The method used to compute this is called CTM(Coding Theorem Method). The papers are a nice read about how exactly this is calculated but on a high level the upper bound is found by enumerating all possible Turing machines and finding if it produces the string or not.

**TASK**: Compute and plot the CTM values of the strings similar to what we have been doing. You can use the `BDM`(Block Decomposition Method) class from `pybdm` module to do this. `BDM` is a generalization of `CTM` method - when you set the `ndim=12` CTM is activated. 

In [62]:
plot_options = dict(width=450,
                    plot_height=250,
                    tools='pan,wheel_zoom,reset,save')
ctm = []

bdm = BDM(ndim=1, partition=PartitionIgnore)
for string in strings:
    b_ent = []
    ctm.append(bdm.bdm(np.array(string)))
    
ctm_plot = figure(**plot_options)
ctm_plot.line(range(len(strings)),
                ctm,
                line_width=2)
ctm_plot.xaxis.axis_label = 'block size'
ctm_plot.yaxis.axis_label = 'Kolmogorov Complexity(bits)'
show(ctm_plot)

What do you observe in the trend? what do you think it says about the relative randomness among strings? which strings are the least and most random? How well does this correlate to `LSTM Parameter Trend` plot?

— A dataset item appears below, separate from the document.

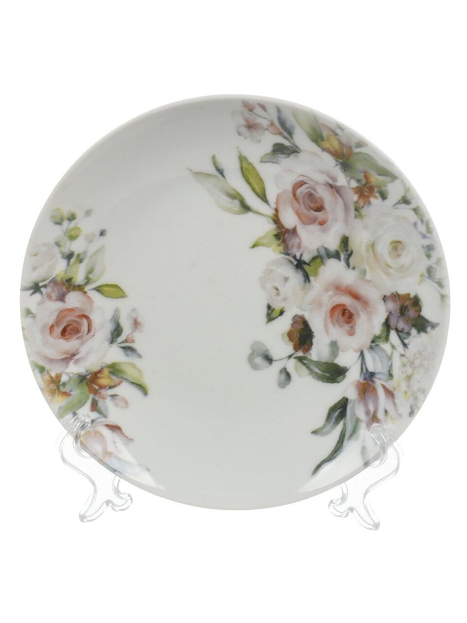 Фарфор устойчив к сколам, не впитывает запахи и легко моется. Универсальный размер и изысканный декор делают эту тарелку отличным выбором для сервировки на даче и презентабельным подарком.

```CTM plot shows an increasing trend in the amount of mathematical randomness in the strings. The randomness seems to be correlated with the number of parameters in the LSTM model. At this point it is unsure what this means but this warrants further exploration.```

Now that we explored 3 different methods, it is time to compare them. Plot all the three(block entropy, compression technique, kolmogorov complexity) in the same plot(Note that the actual values are different for each method - you will need to normalize the values to get the relative randomness in range \[0, 1\])

In [65]:
def normalize(a):
    a = np.array(a)
    return (a - np.min(a))/(np.max(a) - np.min(a))

ctm = normalize(ctm)
z_lib = normalize(z_lib)
min_b_ent = normalize(min_b_ent)
lstm_min_nparams = normalize(lstm_min_nparams)

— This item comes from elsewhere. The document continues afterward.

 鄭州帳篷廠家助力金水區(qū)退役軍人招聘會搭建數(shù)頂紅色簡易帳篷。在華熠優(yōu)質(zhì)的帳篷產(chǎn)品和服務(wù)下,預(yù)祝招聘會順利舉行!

plot_options = dict(width=550,
                    plot_height=300,
                    tools='pan,wheel_zoom,reset,save')

ctm_plot = figure(**plot_options)
ctm_plot.line(range(len(strings)),
              ctm,
              line_color="red",
              line_width=2,
              legend_label="ctm")
ctm_plot.line(range(len(strings)),
              z_lib,
              line_color="green",
              line_width=2,
              legend_label="zlib")
ctm_plot.line(range(len(strings)),
              min_b_ent,
              line_color="blue",
              line_width=2,
              legend_label="block entropy")
ctm_plot.line(range(len(strings)),
              lstm_min_nparams,
              line_color="orange",
              line_width=2,
              legend_label="LSTM")
ctm_plot.xaxis.axis_label = 'string index'
ctm_plot.legend.location = 'bottom_right'
ctm_plot.yaxis.axis_label = 'Randomness Estimation'
show(ctm_plot)

Which plot do you think approximates relative randomness computed by ctm method well?

`LSTM` was able to capture the relative trends in randomness.

(BONUS) Create a sequence generation model - with `L0 regularization` and find the minimum number of parameters in the model. Run the model on the given strings and try to obtain our LSTM n_params list.